[WHAT YOU ARE ASKED TO DO]: Quote every line below exactly and skip any picture.

[RAW DATA]:

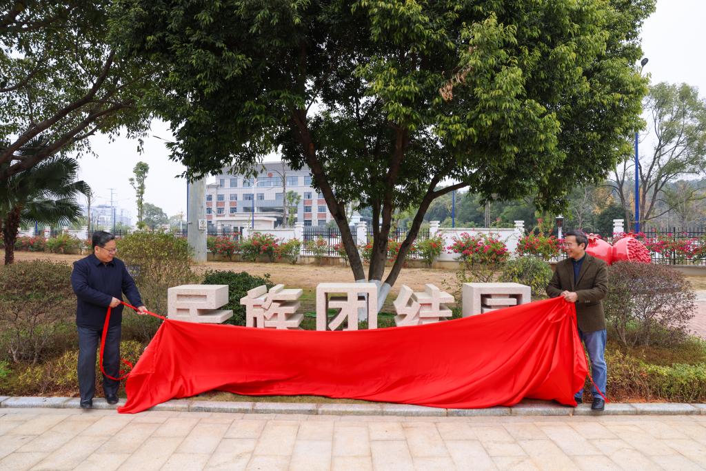 學(xué)校黨委副書記吳志強(qiáng),自治區(qū)紀(jì)委監(jiān)委駐校紀(jì)檢監(jiān)察組組長,學(xué)校黨委常委、紀(jì)委書記韋學(xué)敏為民族團(tuán)結(jié)園揭牌
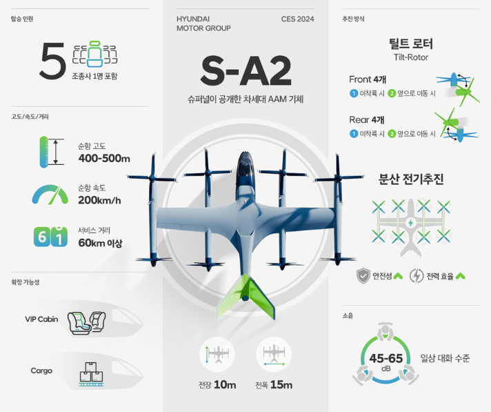 슈퍼널이 공개한 S-A2의 사양을 보면 전장 10m, 전폭 15m로 조종사를 포함해 5명이 탑승할 수 있다. 최대 500m 고도에서 시속 200km로 비행하는 것을 목표로 한다.
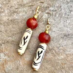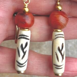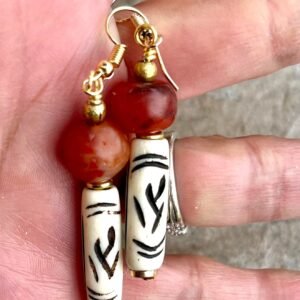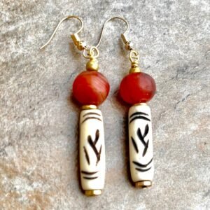 Handcrafted with love, these earrings feature a unique mix of African tribal carved bone and carnelian agate stone beads.
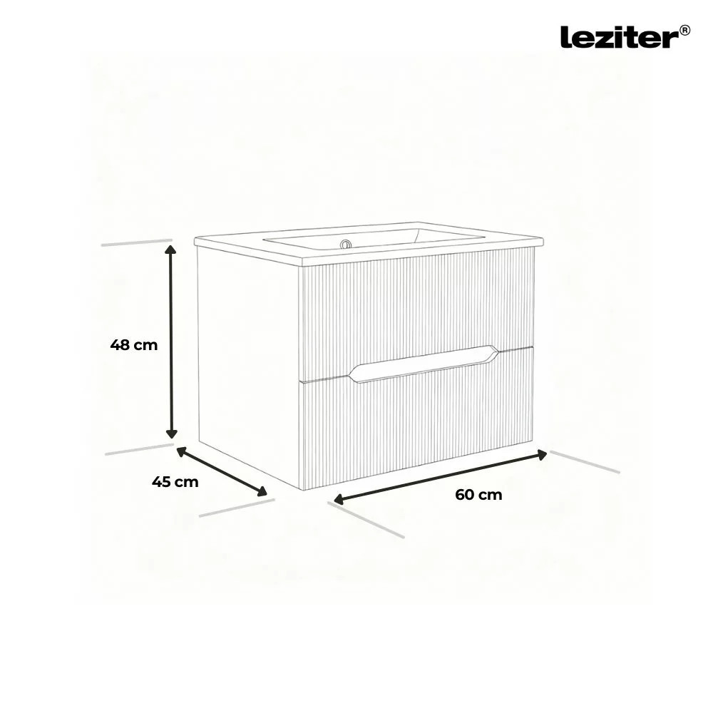 A Leziter Trent fürdőszobabútor harmonikusan ötvözi a látványt és a praktikumot. A bordázott előlap letisztult, modern karaktert ad, miközben az integrált fogantyú kényelmes használatot tesz lehetővé. A fali rögzítés könnyed megjelenést teremt, a padló takarítása pedig gyorsabbá válik. A kerámia mosdó tartós, időtálló, ellenáll a mindennapos igénybevételnek és egyszerűen tisztán tartható.

[OUTPUT OF THE TASK]:
 學(xué)校黨委副書記吳志強(qiáng),自治區(qū)紀(jì)委監(jiān)委駐校紀(jì)檢監(jiān)察組組長,學(xué)校黨委常委、紀(jì)委書記韋學(xué)敏為民族團(tuán)結(jié)園揭牌
 슈퍼널이 공개한 S-A2의 사양을 보면 전장 10m, 전폭 15m로 조종사를 포함해 5명이 탑승할 수 있다. 최대 500m 고도에서 시속 200km로 비행하는 것을 목표로 한다.
 Handcrafted with love, these earrings feature a unique mix of African tribal carved bone and carnelian agate stone beads.
 A Leziter Trent fürdőszobabútor harmonikusan ötvözi a látványt és a praktikumot. A bordázott előlap letisztult, modern karaktert ad, miközben az integrált fogantyú kényelmes használatot tesz lehetővé. A fali rögzítés könnyed megjelenést teremt, a padló takarítása pedig gyorsabbá válik. A kerámia mosdó tartós, időtálló, ellenáll a mindennapos igénybevételnek és egyszerűen tisztán tartható.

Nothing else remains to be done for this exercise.